◆ Work instruction
For the listing that follows, give again exactly the lines from the one with "Figure 1. An" to the one with "World AIDS Day program at State level", including both.

◆ Given data
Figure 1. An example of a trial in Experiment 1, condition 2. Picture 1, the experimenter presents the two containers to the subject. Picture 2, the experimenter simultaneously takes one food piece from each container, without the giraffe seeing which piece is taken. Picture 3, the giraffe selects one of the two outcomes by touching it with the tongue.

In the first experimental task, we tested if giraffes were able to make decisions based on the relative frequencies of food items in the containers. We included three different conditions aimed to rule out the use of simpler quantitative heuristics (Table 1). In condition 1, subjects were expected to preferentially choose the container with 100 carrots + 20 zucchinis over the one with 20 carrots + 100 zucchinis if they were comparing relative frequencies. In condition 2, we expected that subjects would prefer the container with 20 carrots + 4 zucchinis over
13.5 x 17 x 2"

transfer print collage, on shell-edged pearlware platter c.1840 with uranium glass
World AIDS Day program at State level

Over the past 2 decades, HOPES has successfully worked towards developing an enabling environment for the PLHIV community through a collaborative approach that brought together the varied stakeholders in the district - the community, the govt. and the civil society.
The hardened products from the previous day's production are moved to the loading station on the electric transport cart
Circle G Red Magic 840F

==

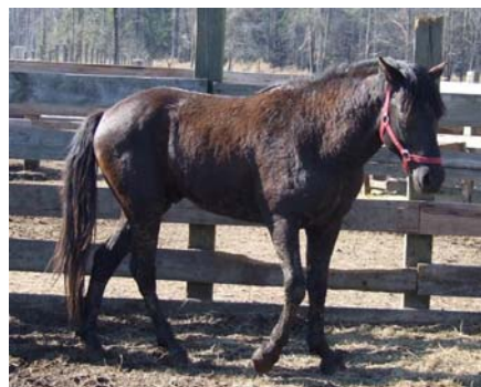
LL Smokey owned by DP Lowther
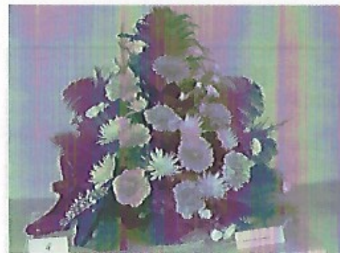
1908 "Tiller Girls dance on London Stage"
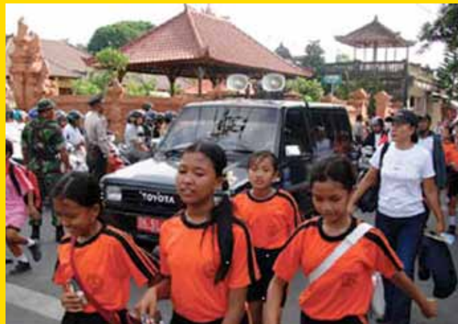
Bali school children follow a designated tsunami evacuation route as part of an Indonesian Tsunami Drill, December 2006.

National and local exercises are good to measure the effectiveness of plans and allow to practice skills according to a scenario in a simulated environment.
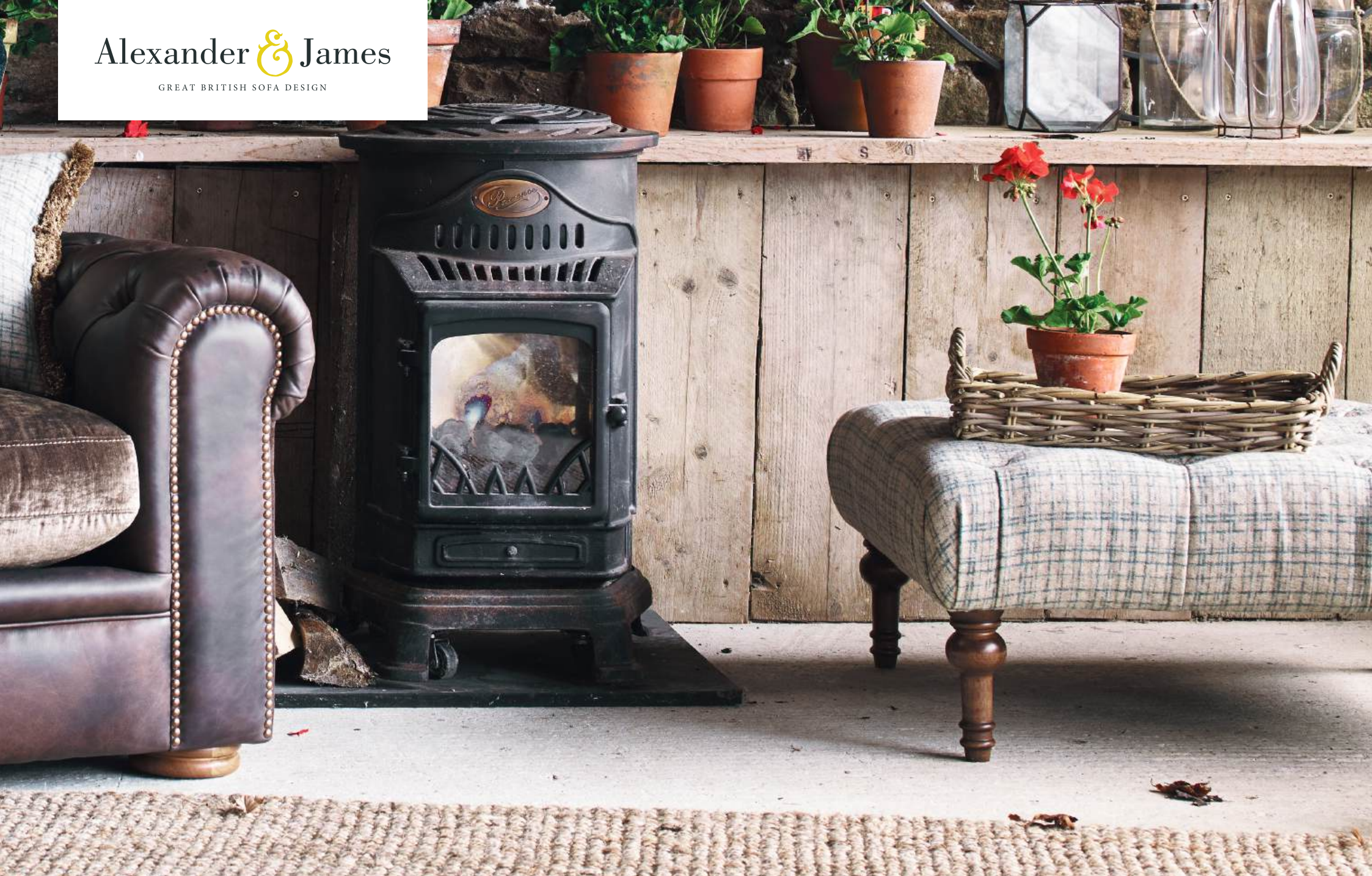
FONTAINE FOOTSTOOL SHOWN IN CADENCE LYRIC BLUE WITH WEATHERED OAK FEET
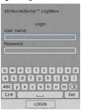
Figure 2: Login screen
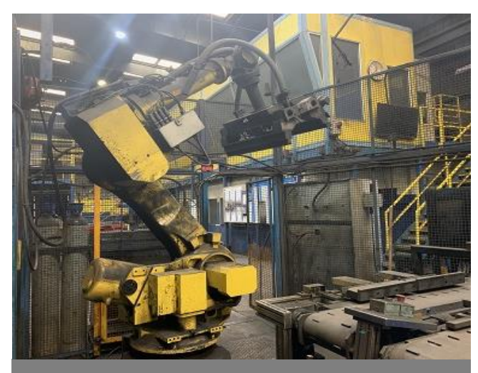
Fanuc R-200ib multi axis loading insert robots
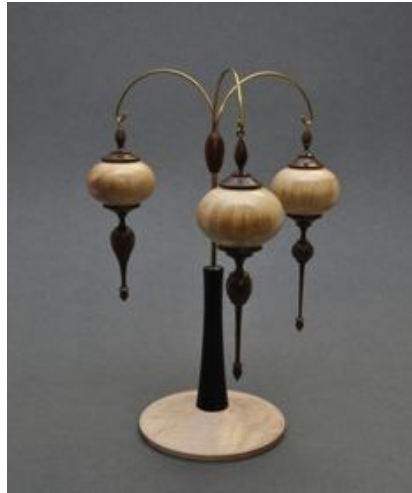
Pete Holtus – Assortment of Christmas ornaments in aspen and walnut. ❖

--

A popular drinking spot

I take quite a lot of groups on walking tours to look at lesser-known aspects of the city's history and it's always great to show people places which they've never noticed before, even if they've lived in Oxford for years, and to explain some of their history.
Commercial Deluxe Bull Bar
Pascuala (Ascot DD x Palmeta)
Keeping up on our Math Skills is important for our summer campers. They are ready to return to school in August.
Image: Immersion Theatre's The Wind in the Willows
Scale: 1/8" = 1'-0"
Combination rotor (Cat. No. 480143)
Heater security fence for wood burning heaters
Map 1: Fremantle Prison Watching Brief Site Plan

◆ Solution
Figure 1. An example of a trial in Experiment 1, condition 2. Picture 1, the experimenter presents the two containers to the subject. Picture 2, the experimenter simultaneously takes one food piece from each container, without the giraffe seeing which piece is taken. Picture 3, the giraffe selects one of the two outcomes by touching it with the tongue.

In the first experimental task, we tested if giraffes were able to make decisions based on the relative frequencies of food items in the containers. We included three different conditions aimed to rule out the use of simpler quantitative heuristics (Table 1). In condition 1, subjects were expected to preferentially choose the container with 100 carrots + 20 zucchinis over the one with 20 carrots + 100 zucchinis if they were comparing relative frequencies. In condition 2, we expected that subjects would prefer the container with 20 carrots + 4 zucchinis over
13.5 x 17 x 2"

transfer print collage, on shell-edged pearlware platter c.1840 with uranium glass
World AIDS Day program at State level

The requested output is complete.